◆ **EXERCISE DESCRIPTION**:
This exercise calls for every record to be returned exactly, with pictures removed.

[Items listed in a dataset]
---------------
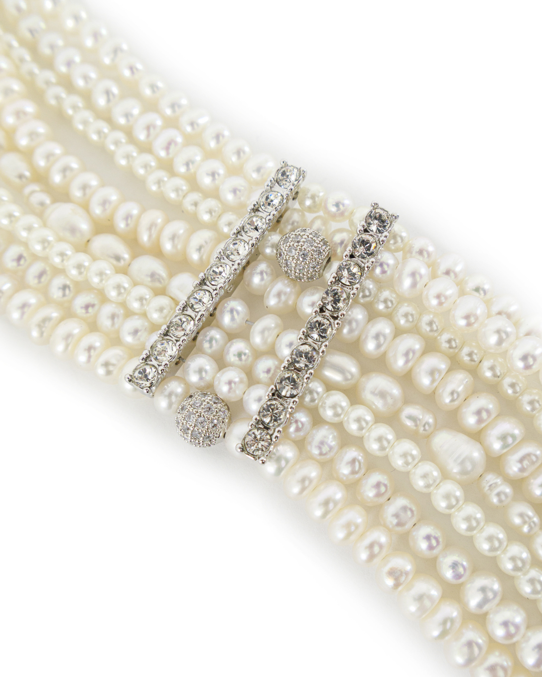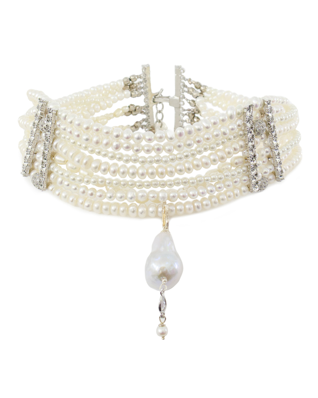 Этот чокер — великолепие роскоши и изысканности, воплощенное в классическом дизайне. Украшенный многочисленными нитями жемчуга, он создает образ, который буквально дышит благородством и элегантностью. Основу чокера составляют несколько рядов мелких, идеально подобранных жемчужин, которые оборачивают шею плавными, гармоничными слоями. Их естественный блеск и мягкость подчёркивают изысканное очарование аксессуара. Элегантные вставки, усыпанные сверкающими кристаллами, создают визуальный ритм и добавляют текстурную глубину дизайну. Эти акценты придают сооружению современную нотку, сохраняя при этом ощущение винтажной классики. Главным акцентом чокера является крупная барочная жемчужина, изящно подвешенная в центре. Её уникальная форма придаёт изделию индивидуальность, а дополнительный миниатюрный жемчуг и кристаллы подчёркивают её утонченное великолепие. Этот чокер идеально дополнит как вечерний наряд, так и изысканный повседневный образ, добавляя великолепие и элегантность вашему стилю.
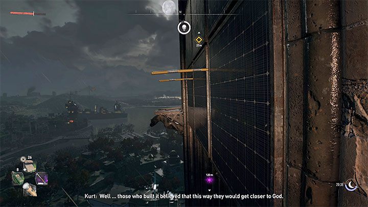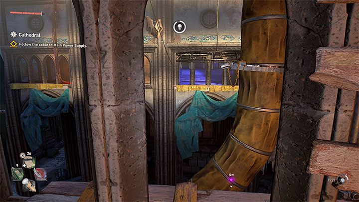 Look for a scaffolding at the base of the cathedral. You can jump to the subsequent platforms and ledges marked with yellow until you reach a shutter which will let you enter the cathedral.
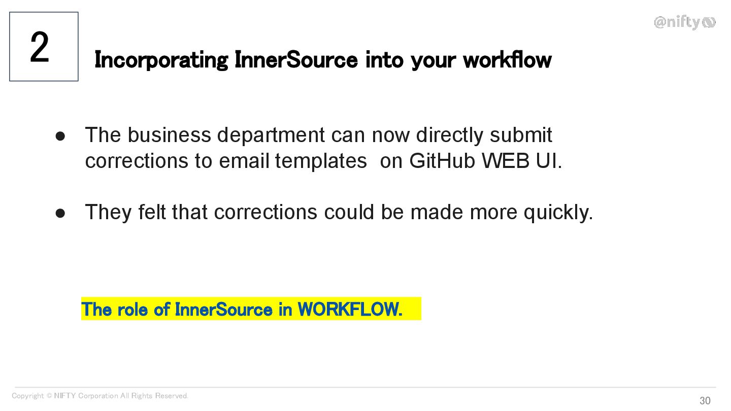 InnerSource into your workflow • The business department can now directly submit corrections to email templates on GitHub WEB UI. • They felt that corrections could be made more quickly. The role of InnerSource in WORKFLOW. Knowledge 2
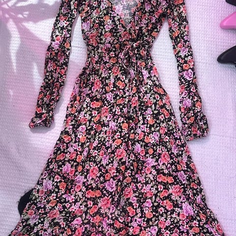 Amisu naisten kesämekko, koko 40. Mekko on valmistettu 100 % viskoosista ja siinä on kirjava, pääosin punasävyinen kukkakuosi. Mallissa on lyhyet hihat ja V-pääntie. Materiaali on kevyttä ja laskeutuvaa, sopii käytettäväksi kesämekkona arkeen tai vapaa-aikaan. Joustava vyötärö, pituus n. 80cm
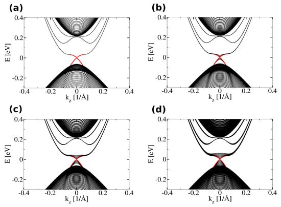 To further clarify how the spectrum of a given heretostructure is built up when adding more and more eigenvalues corresponding to distinct values of the angular momentum, Figure 6 presents the eigenvalues calculated for (a) ; (b) and 4; (c) ; and (d) . It is easy to appreciate that the topological states correspond to those eigenvalues that accumulate near the highest and lowest eigenvalues (with ) for the valence and conduction band, respectively. It is also appreciable that the bundles of eigenvalues at the sides of the conduction band are not part of the topological states.
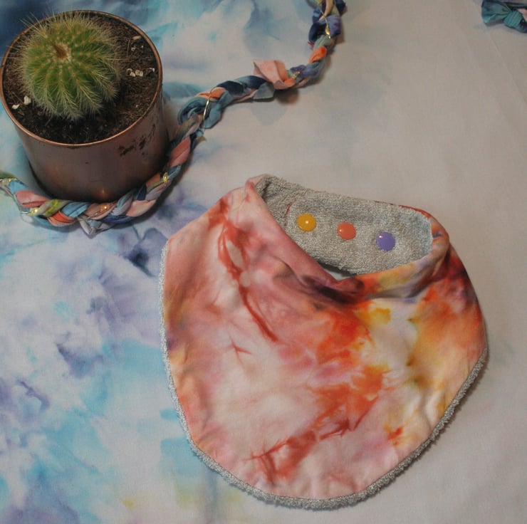 These beautifully patterned and soft Bibs are made from Bamboo Jersey and Bamboo Terry Towelling. These materials are super soft, absorbant and much more eco friendly than cotton. The pattern have been hand ice-dyed and has the added advantage of hiding dribble stains incredibly well - take it from a Mum who knows!
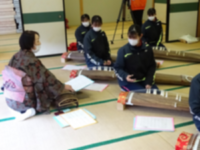 音楽の授業で2回にわたってお箏の授業を行いました。今年も、地域の方を指導者に招いて、1年生は「さくら さくら」2年生は「荒城の月」の演奏に挑戦しました。また「六段の調べ」を師範演奏していただき、生徒たちは日本に古くから伝わる箏の音色の美しさに聞き入っていました。
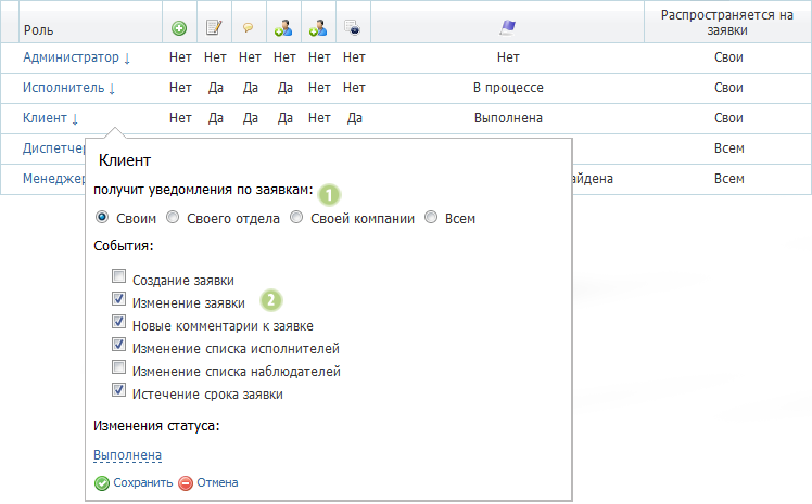 Ви самі визначаєте групи заявок (1), події (2) і зміни статусів, які вимагають повідомлень. Повідомлення настроюються за каскадним принципом - від загального до окремого. Ви можете настроїти повідомлення для ролей у рамках бізнес-процеса, перевизначити налаштування для ролей конкретного сервісу, і навіть для окремих користувачів сервісу.
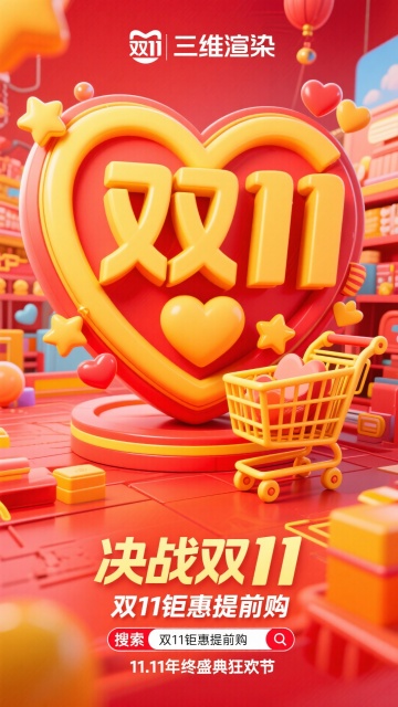 软3D风微缩艺术场景,卡通感十足的红色心形“双11”主视觉,搭配充气风购物车与塑料质感元素,营造喜庆热闹的促销氛围,传递双11狂欢节的可爱与活力。
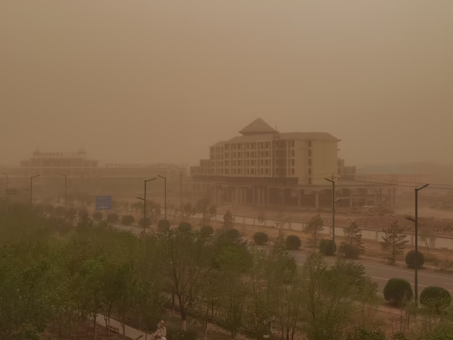 內蒙古二連浩特出現(xiàn)強沙塵暴 沙墻滾滾而來
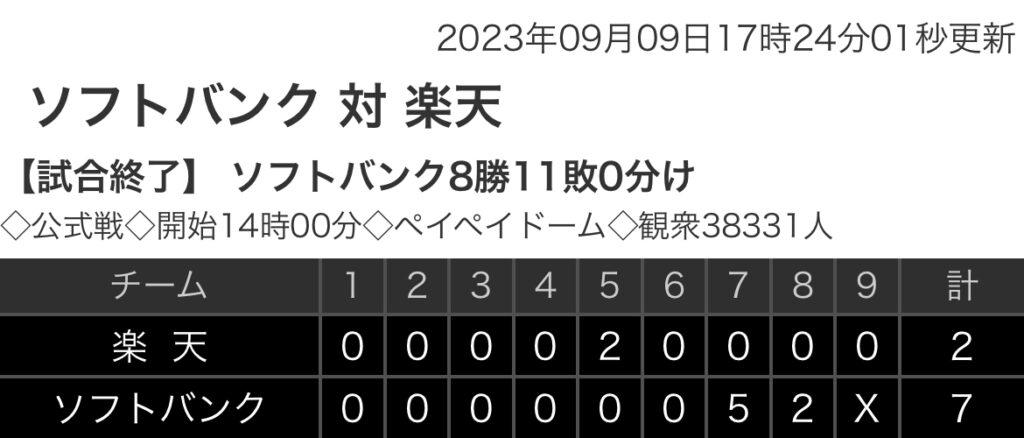 1: 鉄チーズ烏 ★ 2023/09/09(土) 17:22:19.71 ID:qm2qH/s89 楽天. 0 0 0 0 2 0 0 0 0|2 ソフトバンク 0 0 0 0 0 0 5 2 x|7 【バッテリー】 (楽)田中将、安樂、内 - 安田 (ソ)和田、又吉、甲斐野、藤井、松本... -
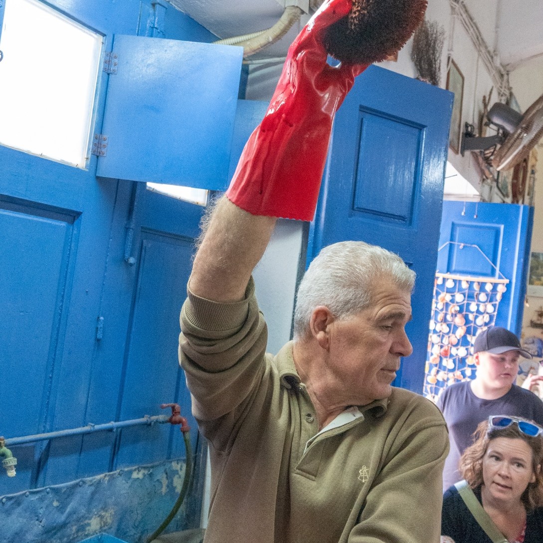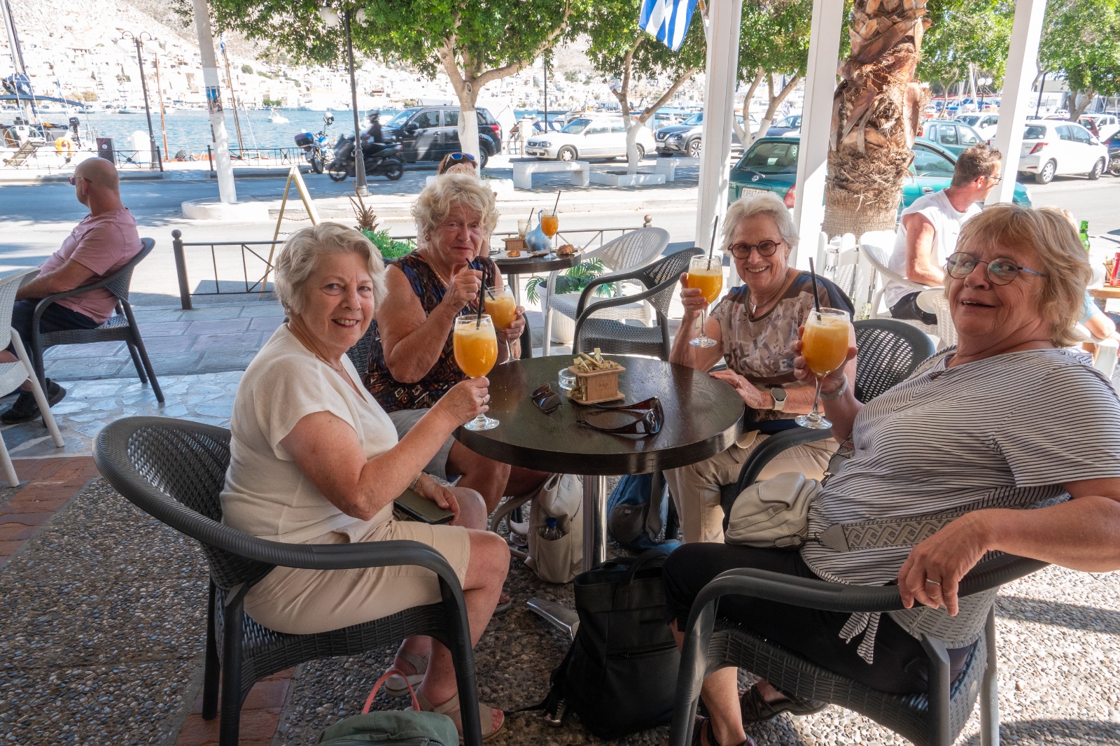 Na het bezoek aan de sponzen hadden we een uurtje vrije tijd. Heerlijk om even door de straatjes te slenteren of neer te strijken bij de taverne voor een glas verse sinaasappelsap met ijs.
---------------
◆ **YOUR SOLUTION**:
 Этот чокер — великолепие роскоши и изысканности, воплощенное в классическом дизайне. Украшенный многочисленными нитями жемчуга, он создает образ, который буквально дышит благородством и элегантностью. Основу чокера составляют несколько рядов мелких, идеально подобранных жемчужин, которые оборачивают шею плавными, гармоничными слоями. Их естественный блеск и мягкость подчёркивают изысканное очарование аксессуара. Элегантные вставки, усыпанные сверкающими кристаллами, создают визуальный ритм и добавляют текстурную глубину дизайну. Эти акценты придают сооружению современную нотку, сохраняя при этом ощущение винтажной классики. Главным акцентом чокера является крупная барочная жемчужина, изящно подвешенная в центре. Её уникальная форма придаёт изделию индивидуальность, а дополнительный миниатюрный жемчуг и кристаллы подчёркивают её утонченное великолепие. Этот чокер идеально дополнит как вечерний наряд, так и изысканный повседневный образ, добавляя великолепие и элегантность вашему стилю.
 Look for a scaffolding at the base of the cathedral. You can jump to the subsequent platforms and ledges marked with yellow until you reach a shutter which will let you enter the cathedral.
 InnerSource into your workflow • The business department can now directly submit corrections to email templates on GitHub WEB UI. • They felt that corrections could be made more quickly. The role of InnerSource in WORKFLOW. Knowledge 2
 Amisu naisten kesämekko, koko 40. Mekko on valmistettu 100 % viskoosista ja siinä on kirjava, pääosin punasävyinen kukkakuosi. Mallissa on lyhyet hihat ja V-pääntie. Materiaali on kevyttä ja laskeutuvaa, sopii käytettäväksi kesämekkona arkeen tai vapaa-aikaan. Joustava vyötärö, pituus n. 80cm
 To further clarify how the spectrum of a given heretostructure is built up when adding more and more eigenvalues corresponding to distinct values of the angular momentum, Figure 6 presents the eigenvalues calculated for (a) ; (b) and 4; (c) ; and (d) . It is easy to appreciate that the topological states correspond to those eigenvalues that accumulate near the highest and lowest eigenvalues (with ) for the valence and conduction band, respectively. It is also appreciable that the bundles of eigenvalues at the sides of the conduction band are not part of the topological states.
 These beautifully patterned and soft Bibs are made from Bamboo Jersey and Bamboo Terry Towelling. These materials are super soft, absorbant and much more eco friendly than cotton. The pattern have been hand ice-dyed and has the added advantage of hiding dribble stains incredibly well - take it from a Mum who knows!
 音楽の授業で2回にわたってお箏の授業を行いました。今年も、地域の方を指導者に招いて、1年生は「さくら さくら」2年生は「荒城の月」の演奏に挑戦しました。また「六段の調べ」を師範演奏していただき、生徒たちは日本に古くから伝わる箏の音色の美しさに聞き入っていました。
 Ви самі визначаєте групи заявок (1), події (2) і зміни статусів, які вимагають повідомлень. Повідомлення настроюються за каскадним принципом - від загального до окремого. Ви можете настроїти повідомлення для ролей у рамках бізнес-процеса, перевизначити налаштування для ролей конкретного сервісу, і навіть для окремих користувачів сервісу.
 软3D风微缩艺术场景,卡通感十足的红色心形“双11”主视觉,搭配充气风购物车与塑料质感元素,营造喜庆热闹的促销氛围,传递双11狂欢节的可爱与活力。
 內蒙古二連浩特出現(xiàn)強沙塵暴 沙墻滾滾而來
 1: 鉄チーズ烏 ★ 2023/09/09(土) 17:22:19.71 ID:qm2qH/s89 楽天. 0 0 0 0 2 0 0 0 0|2 ソフトバンク 0 0 0 0 0 0 5 2 x|7 【バッテリー】 (楽)田中将、安樂、内 - 安田 (ソ)和田、又吉、甲斐野、藤井、松本... -
 Na het bezoek aan de sponzen hadden we een uurtje vrije tijd. Heerlijk om even door de straatjes te slenteren of neer te strijken bij de taverne voor een glas verse sinaasappelsap met ijs.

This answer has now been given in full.